Your instructions
In the entries that follow, find the line containing "The wave spawner is" and the line containing "Скраб для тела", then copy exactly everything from the first through the second except the pictures.

Data provided
[Start of Attachment]
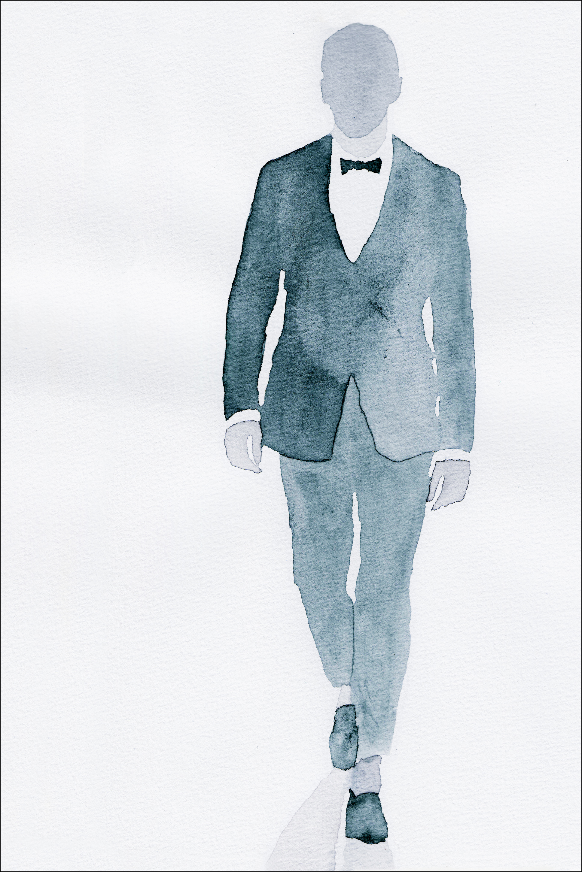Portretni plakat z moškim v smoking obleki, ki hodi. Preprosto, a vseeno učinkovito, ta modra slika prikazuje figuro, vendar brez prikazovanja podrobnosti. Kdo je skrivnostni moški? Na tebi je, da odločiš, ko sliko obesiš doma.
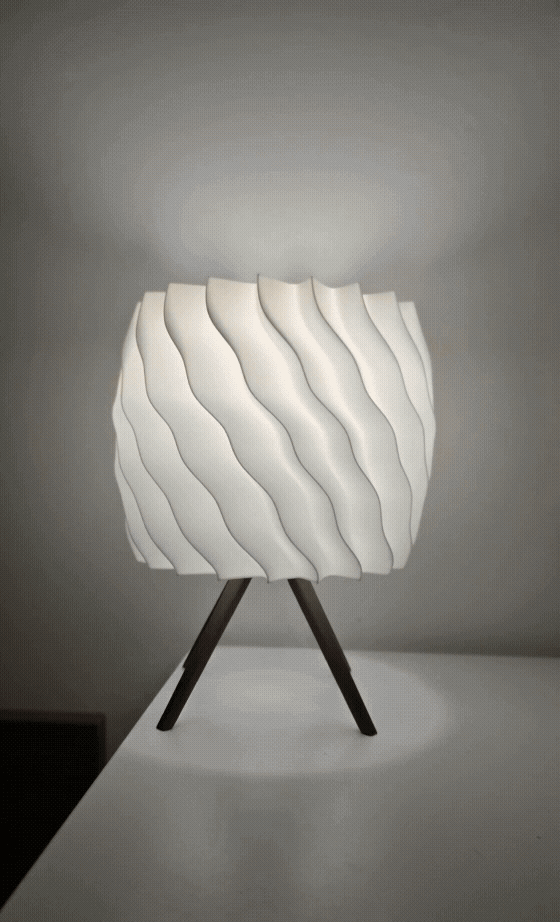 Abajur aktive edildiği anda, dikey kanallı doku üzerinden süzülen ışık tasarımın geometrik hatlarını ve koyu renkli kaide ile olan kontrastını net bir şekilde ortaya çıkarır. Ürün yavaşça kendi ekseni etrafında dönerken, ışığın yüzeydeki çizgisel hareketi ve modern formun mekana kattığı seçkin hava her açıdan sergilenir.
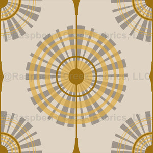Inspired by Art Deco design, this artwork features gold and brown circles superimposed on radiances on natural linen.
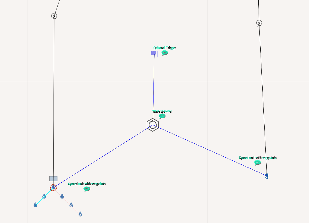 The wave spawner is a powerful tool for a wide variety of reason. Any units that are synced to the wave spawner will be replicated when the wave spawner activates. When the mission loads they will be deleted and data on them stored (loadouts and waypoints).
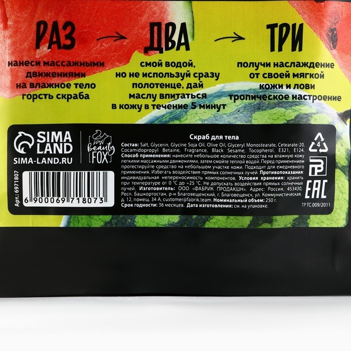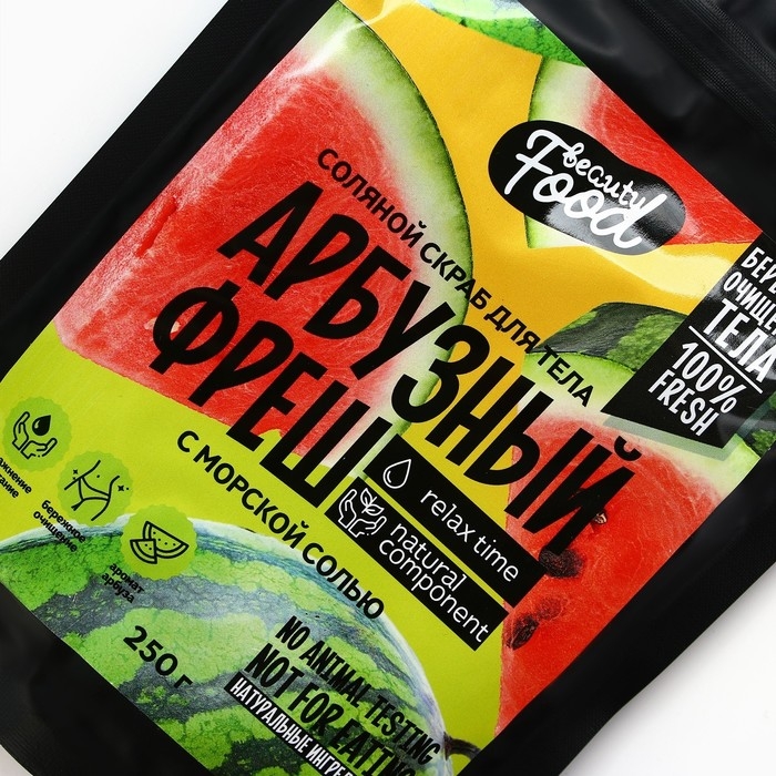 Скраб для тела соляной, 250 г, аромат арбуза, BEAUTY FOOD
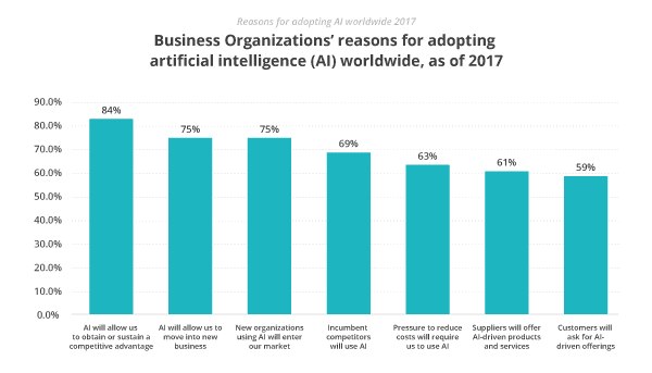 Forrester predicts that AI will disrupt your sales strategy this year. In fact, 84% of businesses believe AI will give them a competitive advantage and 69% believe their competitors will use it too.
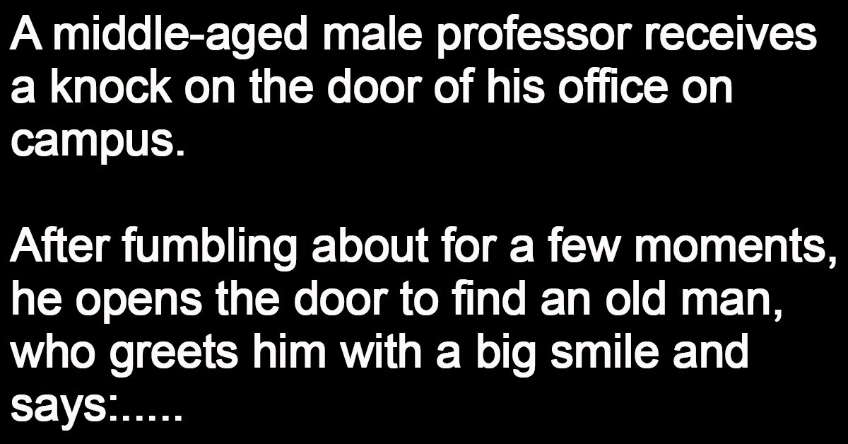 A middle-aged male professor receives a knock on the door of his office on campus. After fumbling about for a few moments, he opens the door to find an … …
[End of Attachment]
Task solution
 The wave spawner is a powerful tool for a wide variety of reason. Any units that are synced to the wave spawner will be replicated when the wave spawner activates. When the mission loads they will be deleted and data on them stored (loadouts and waypoints).
 Скраб для тела соляной, 250 г, аромат арбуза, BEAUTY FOOD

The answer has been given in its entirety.